Pages: 206
Price: 250
Publishers: Penguin

For a while now, filmmaker Vishal Bhardwaj and Ruskin Bond have shared a warm and fruitful professional relationship. The director adapted the author's The Blue Umbrella, which turned out to be a gem of a film. Little wonder then that the author made an exception for the man he calls 'Hitchcock of Indian cinema' and 'master of the macabre' and actually expanded a 5 page short story called Suzanna's Seven Husbands into a full-fledged novella meant to be made as a film.
The novella was worked upon again by Bhardwaj and his co-writer Matthew Robbins, with the clear intention of making 7 Khoon Maaf more palatable for the audience. So essentially, three versions of the same story came about, and have been fully reproduced in Penguin's new book. Ruskin Bond would naturally have expected his drastically re-worked story to find its way to print. And such an effort is also useful in closely recogonising the challenges involved in literary adaptations.
Obviously not all literature lends itself easily to film screenplays, and Suzaana's Seven Husbands is perhaps one of them. Because the story is really just an idea and works on 'subliminals', rather than on a real plane. The thought of a woman killing her seven husbands came to the septuagenarian writer while observing female behaviour among animals and insects in his verdant Mussoorie surroundings. Describing a She-spider, Bond tells us how she's often the dominant one who brings home the food, while her male partner lives off her earnings. But in a moment of exasperation, she puts an abrupt and cruel end to the weakling's aimless existence. This is the animalistic female instinct that Ruskin Bond captures through the character of Suzanna. Not surprisingly, the animal motif is very strong in the story.
The plot itself is outlandish, but the written word always allows your imagination to fill in the gaps with more vivid colours and Ruskin Bond's lush text gives enough psychological cues for the reader to arrive at their own conclusion. For a film to achieve this effect would need nothing short of genius and sadly Bhardwaj does a straight-forward adaptation, eschewing much of the point and edge of the original story. I was talking to a successful film writer friend who correctly explained, "Hindi cinema is a very blunt medium. Many of the subtlties, nuances in a book cannot be reproduced in a film, which is why the experience is rarely satisfying."
Ruskin Bond's Susanna is a beautiful, romantic and almost mythic figure. She does not kill her seven husbands because they do her any serious harm, unlike what is portrayed in the film. The book doesn't provide any great justification for Susanna's actions - and works as a dark comedy in the true sense of the word. Our femme fatale is not a cruel person, and in fact wants to truly find love and settle with a man who can keep her happy. But each of the husbands she marries proves to be vastly inferior to her and once the initial charm wears off, Susanna's finds it impossible to endure their annoying habits. She is easily exasperated and bored. Not to add, she's frustrated about not finding an ideal husband.
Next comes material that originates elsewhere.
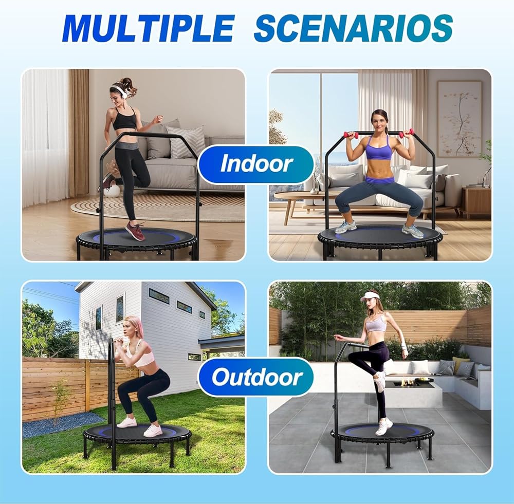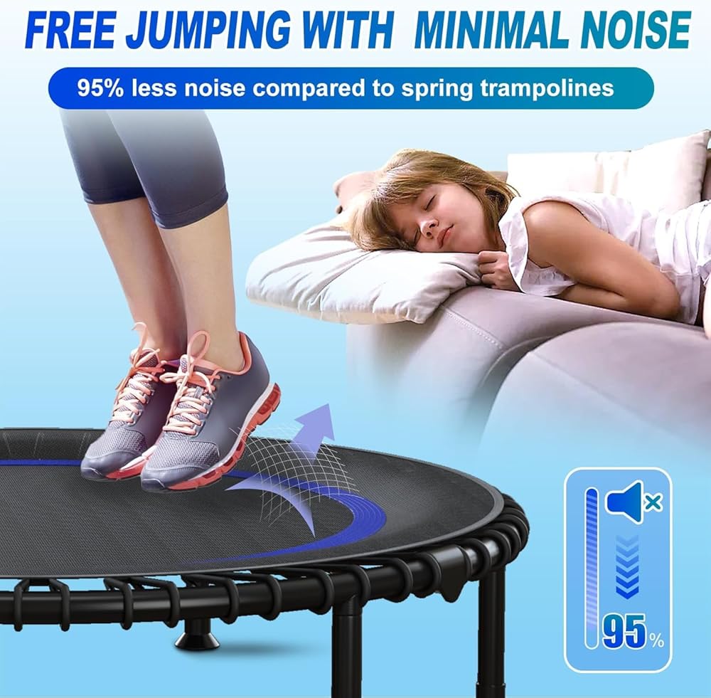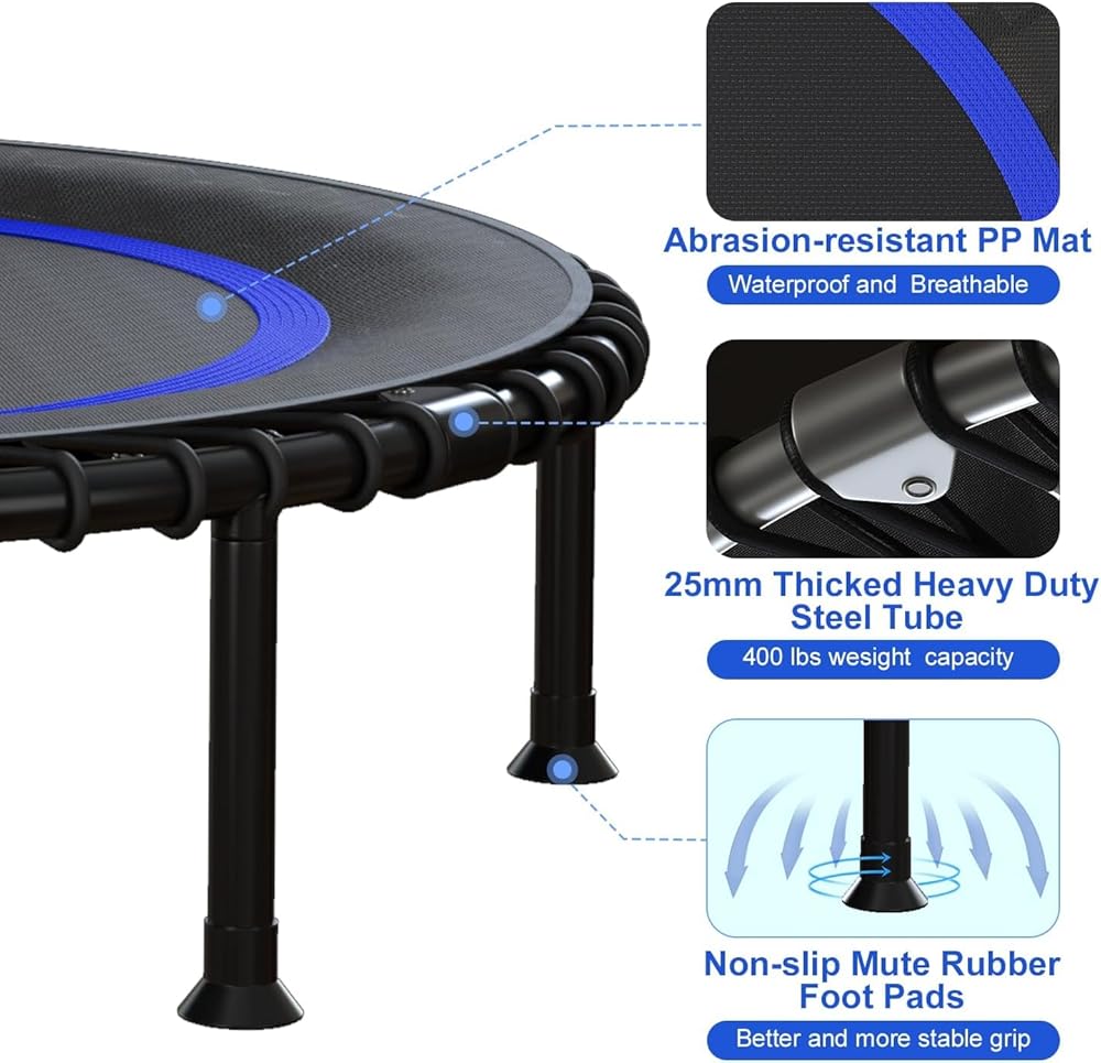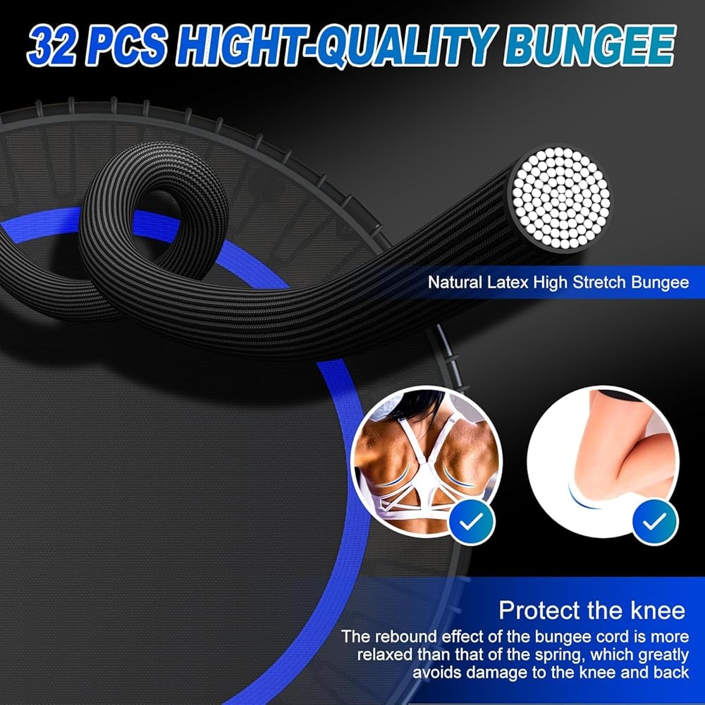 【نظام حبل بنجي للسلامة】 تم تجهيز الترامبولين الصغير مقاس 40 بوصة مع المقود بـ 32 قطعة من حبال بنجي متينة من اللاتكس الطبيعي والتي توفر تعليقًا صديقًا للمفاصل مما يوفر الثبات أثناء التمرين ويمنحك تجربة قفز رائعة.

Being a gorgeous and rich woman with money and man power at hand, her only aim is to find love, but each time she fails and hence kills them all. So why did she marry at all one may ask? The book is set in a period and suggests that a woman could not live with men without marriage. The author is clearly fond of his bohemian heroine, and looks upon her murders with sagely amusement.
The novella - though it clearly suggests the transience of romance and eventual boredom in domestic life - makes no profound statements on relationships. Neither does it delve deep into Susanna's mental make-up. But all the same, it's easy to view her as a 'type' and identify with the story. Which is what makes it the success that the film is not.
There's a superb episode in the book, which wasn't part of the film. It involves a husband of Susanna's who is a film distributor. In general, he is an affable soul, likeable, except for his addiction to his cell phone. Suzanna is tolerant of his annoying habit for a while, but once it starts interfearing even in their love making sessions, she starts hiding his numerous phones at different places. It makes for one of the most entertaining and cinematic stories. But clearly, the writers of the film might have thought it too trivial a reason for someone to kill a husband. This is essentialy the problem with the film. It simply lacks the edge that the book contains. And without that edge, the story doesn't quite hold.